*Entries taken from a collection:*
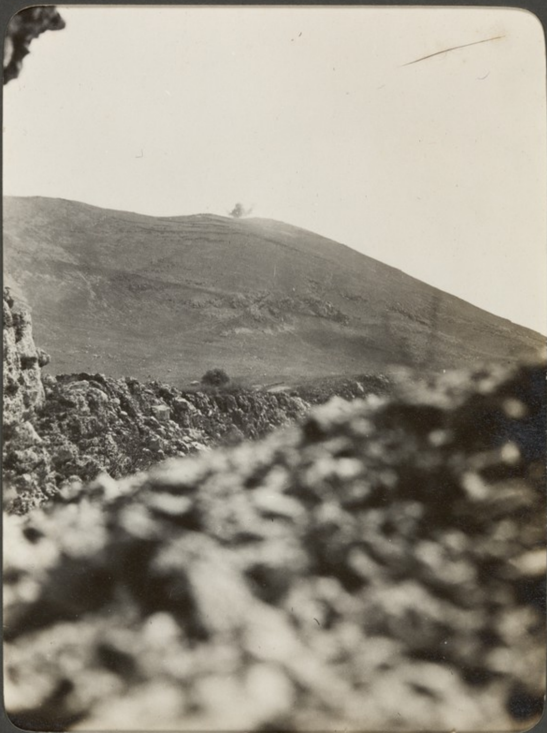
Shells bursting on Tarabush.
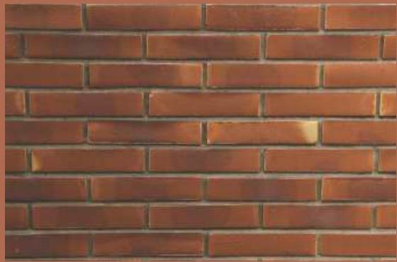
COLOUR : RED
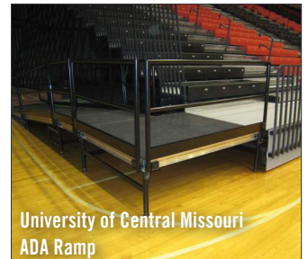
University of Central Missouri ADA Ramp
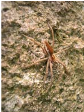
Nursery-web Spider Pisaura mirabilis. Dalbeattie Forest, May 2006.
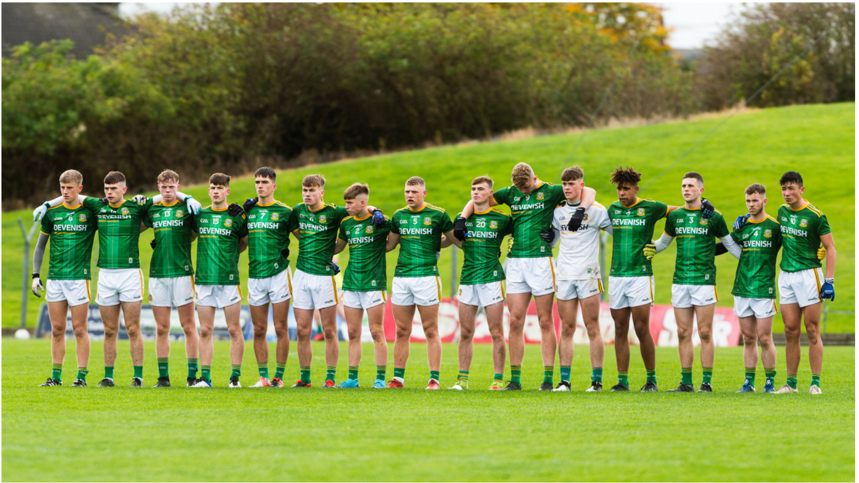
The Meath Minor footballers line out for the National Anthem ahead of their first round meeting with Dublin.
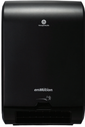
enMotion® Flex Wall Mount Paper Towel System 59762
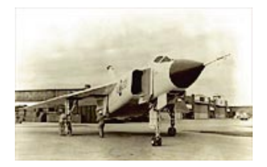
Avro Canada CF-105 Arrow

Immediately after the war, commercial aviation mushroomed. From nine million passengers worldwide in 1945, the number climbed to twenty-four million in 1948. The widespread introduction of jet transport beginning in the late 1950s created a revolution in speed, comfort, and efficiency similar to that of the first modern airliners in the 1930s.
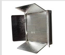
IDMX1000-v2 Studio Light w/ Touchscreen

* * *

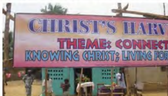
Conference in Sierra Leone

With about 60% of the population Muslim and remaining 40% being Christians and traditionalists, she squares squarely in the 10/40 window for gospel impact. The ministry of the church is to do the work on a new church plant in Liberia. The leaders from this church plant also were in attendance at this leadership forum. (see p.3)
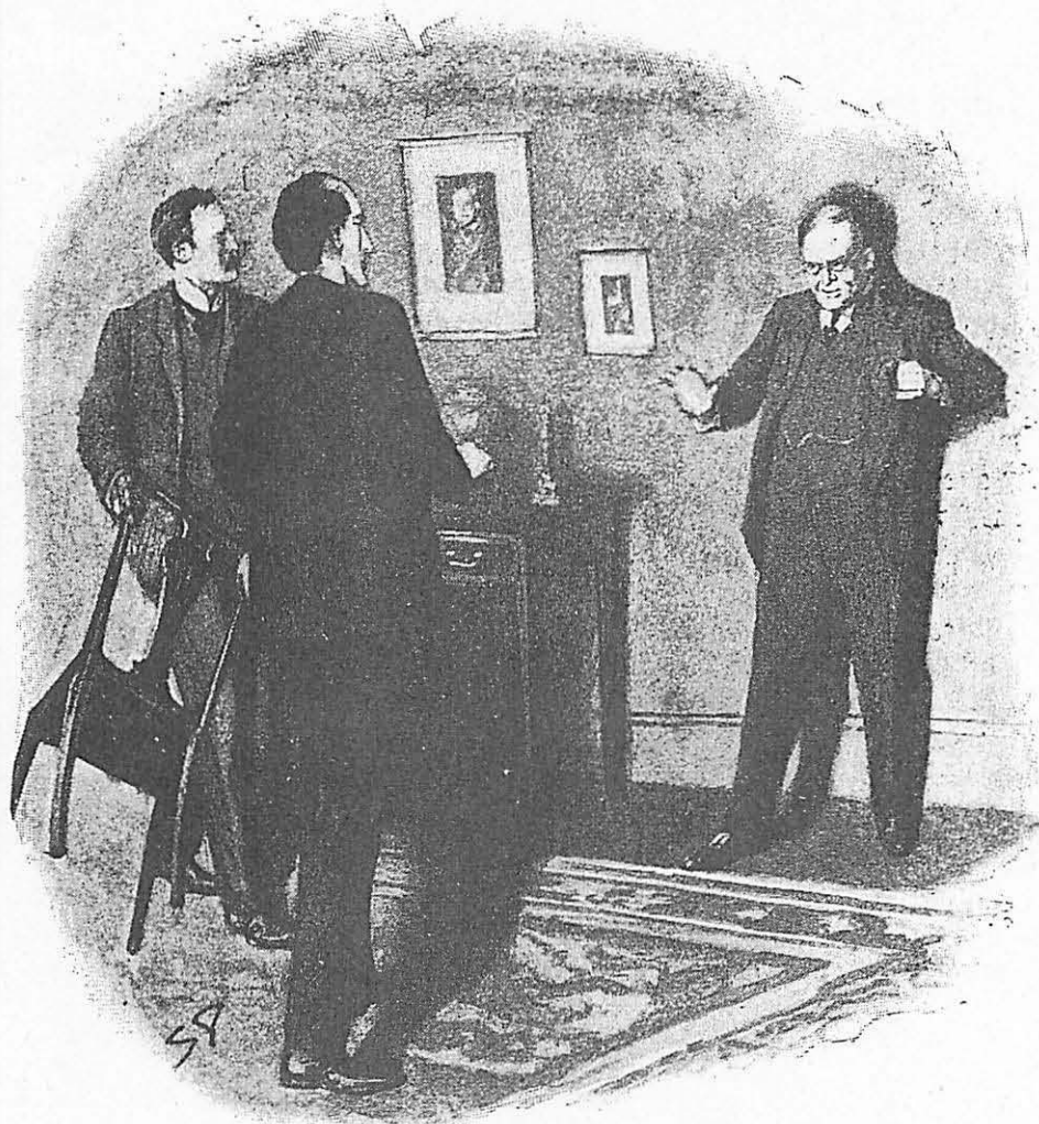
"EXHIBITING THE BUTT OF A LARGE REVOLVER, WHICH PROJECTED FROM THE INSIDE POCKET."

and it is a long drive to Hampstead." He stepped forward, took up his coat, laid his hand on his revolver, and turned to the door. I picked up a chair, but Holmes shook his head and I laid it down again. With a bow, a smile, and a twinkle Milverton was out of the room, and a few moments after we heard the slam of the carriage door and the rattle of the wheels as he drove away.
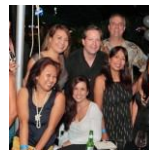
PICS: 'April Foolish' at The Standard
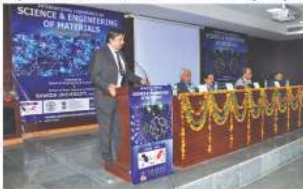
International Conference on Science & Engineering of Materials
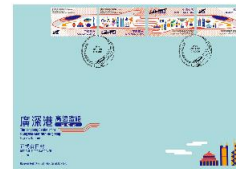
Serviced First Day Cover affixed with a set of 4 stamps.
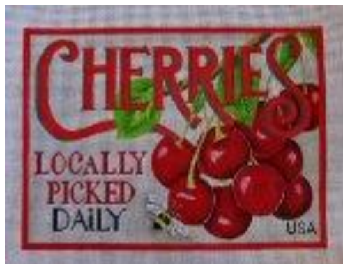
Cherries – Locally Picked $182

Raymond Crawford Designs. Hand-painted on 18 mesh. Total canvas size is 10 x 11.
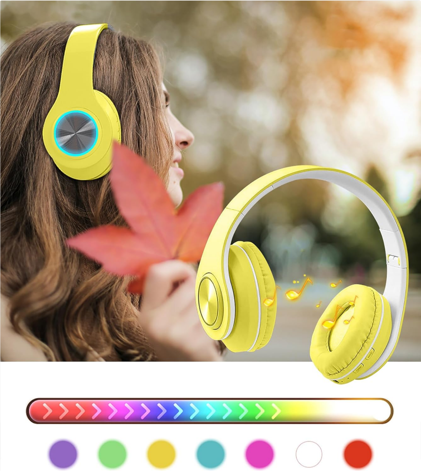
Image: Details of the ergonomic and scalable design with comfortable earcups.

* * *

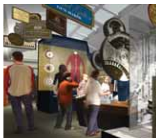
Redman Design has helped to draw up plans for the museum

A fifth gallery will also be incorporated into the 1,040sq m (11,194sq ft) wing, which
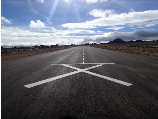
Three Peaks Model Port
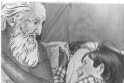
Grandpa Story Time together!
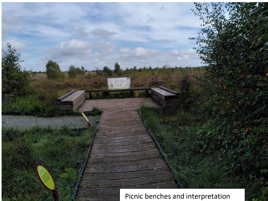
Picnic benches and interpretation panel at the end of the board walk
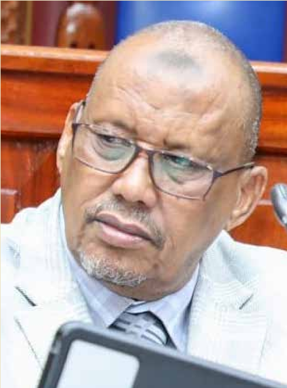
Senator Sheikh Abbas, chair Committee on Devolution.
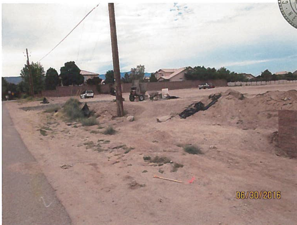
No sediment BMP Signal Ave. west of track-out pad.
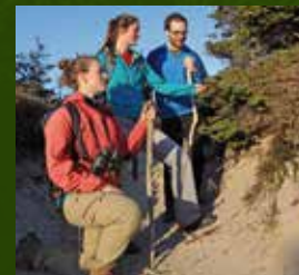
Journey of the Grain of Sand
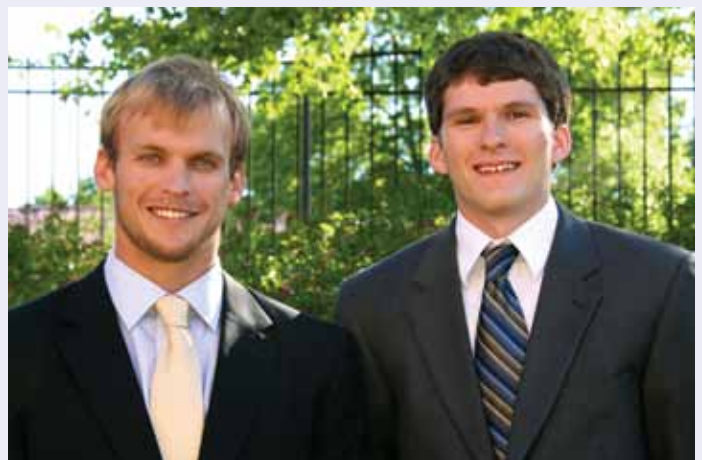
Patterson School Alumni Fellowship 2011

*What you are asked to do:* Above are records; repeat only the lines from the line with "Shells bursting on Tarabush." through the line with "IDMX1000-v2 Studio Light w/ Touchscreen", and leave pictures out.

*Solved exercise:*
Shells bursting on Tarabush.
COLOUR : RED
University of Central Missouri ADA Ramp
Nursery-web Spider Pisaura mirabilis. Dalbeattie Forest, May 2006.
The Meath Minor footballers line out for the National Anthem ahead of their first round meeting with Dublin.
enMotion® Flex Wall Mount Paper Towel System 59762
Avro Canada CF-105 Arrow

Immediately after the war, commercial aviation mushroomed. From nine million passengers worldwide in 1945, the number climbed to twenty-four million in 1948. The widespread introduction of jet transport beginning in the late 1950s created a revolution in speed, comfort, and efficiency similar to that of the first modern airliners in the 1930s.
IDMX1000-v2 Studio Light w/ Touchscreen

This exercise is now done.